Mendeley is a desktop and web program for managing and sharing research papers, discovering research data and collaborating online. It combines Mendeley Desktop, a PDF and reference management application (available for Windows, Mac and Linux) with Mendeley Web, an online social network for researchers.
Mendeley requires the user to store all basic citation data on its servers—storing copies of documents is at the user's discretion. Upon registration, Mendeley provides the user with 2 GB of free web storage space, which is upgrade able at a cost.

History
Mendeley founded in November 2007 by three German PhD students and is based in London. The first public beta version was released in August 2008. The team comprises researchers, graduates, and developers from a variety of academic institutions.

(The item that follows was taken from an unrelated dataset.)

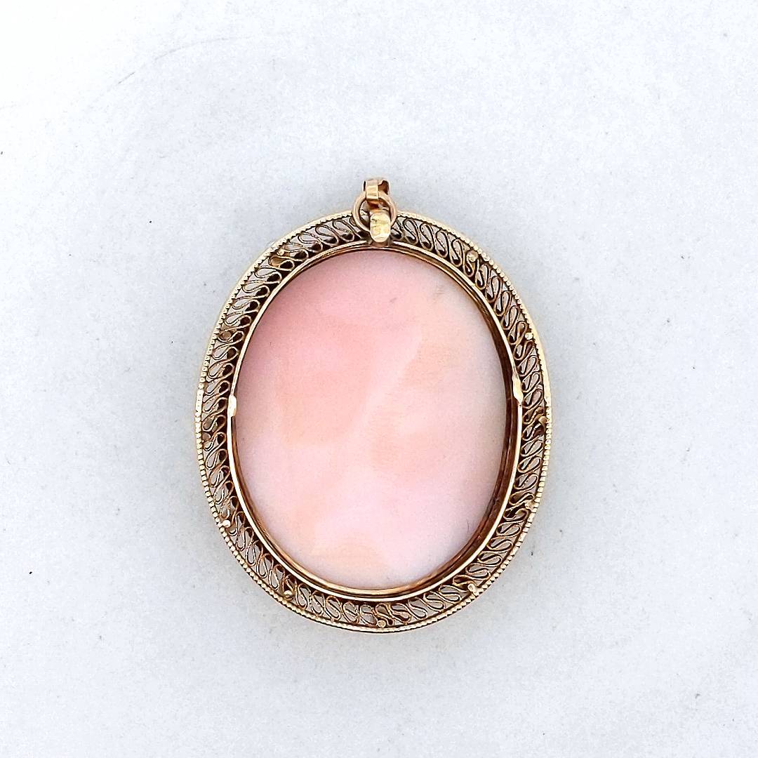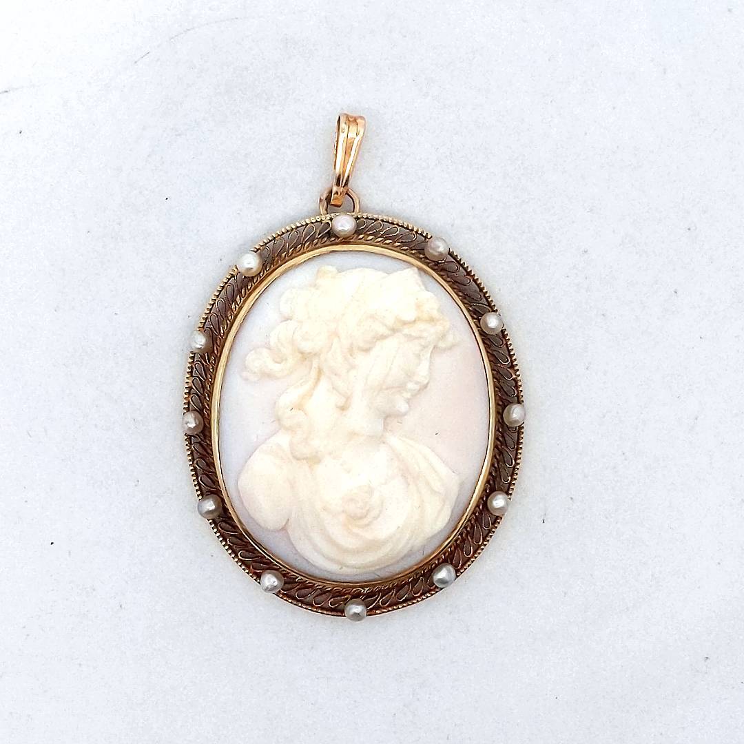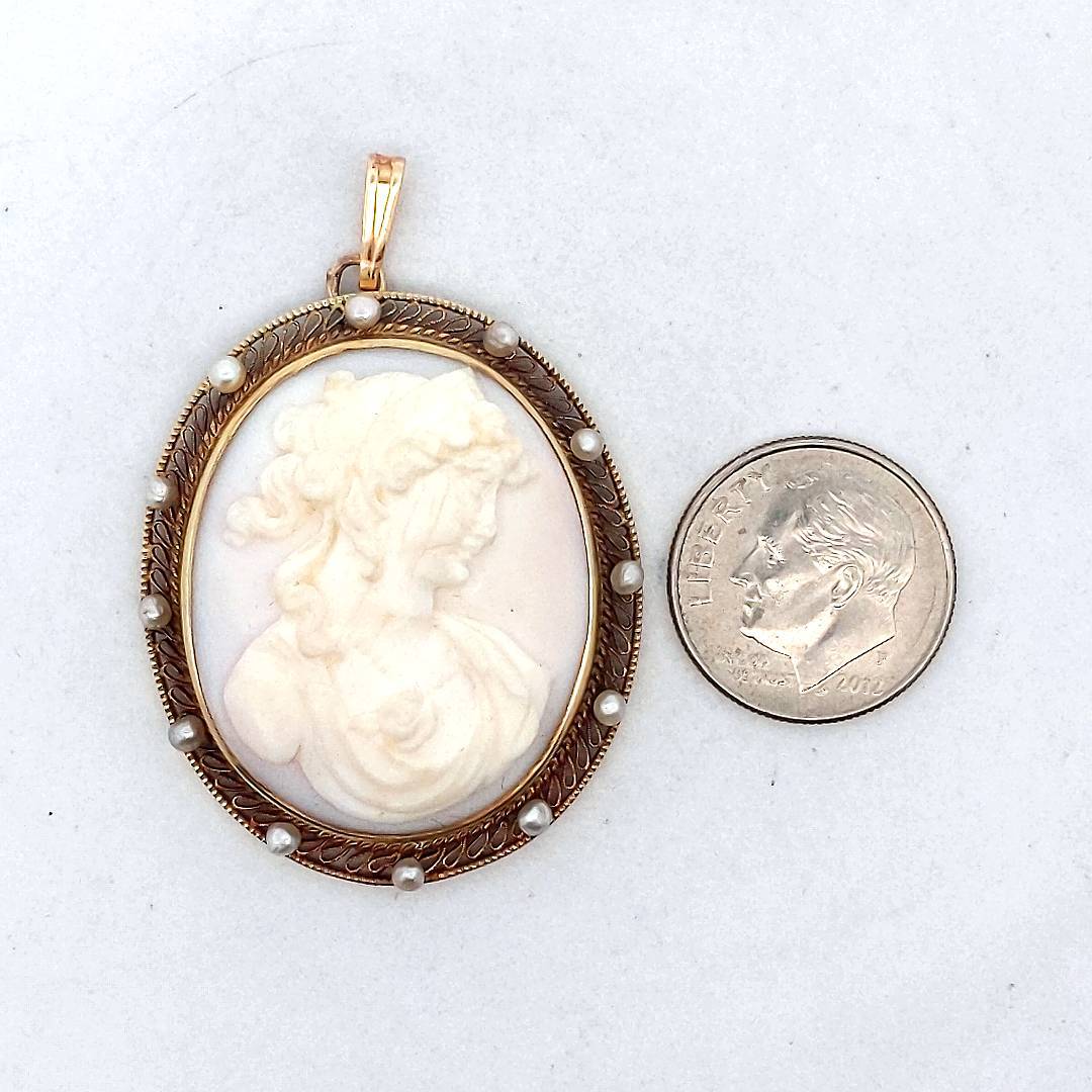 Vintage 14K Yellow Gold Carved Shell Cameo Natural Pearl Pendant

The company’s investors include the former executive chairman of Last.fm, the former founding engineers of Skype, and the former Head of Digital Strategy at Warner Music Group, as well as academics from Cambridge and Johns Hopkins University.
Mendeley has won several awards: Plugg.eu "European Start-up of the Year 2009", TechCrunch Europas "Best Social Innovation Which Benefits Society 2009", and The Guardian ranked it #6 in "Top 100 tech media companies".
Elsevier purchased Mendeley in 2013. The sale led to debate on scientific networks and in the media interested in Open Access, and upset some Mendeley users who felt that the program's acquisition by publishing giant Elsevier, known for implementing restrictive publishing practices, was antithetical to the open sharing model of Mendeley. David Dobbs, in The New Yorker, describes Elsevier's reasons for buying Mendeley as two-fold: to acquire its user data, and to "destroy or coöpt an open-science icon that threatens its business model."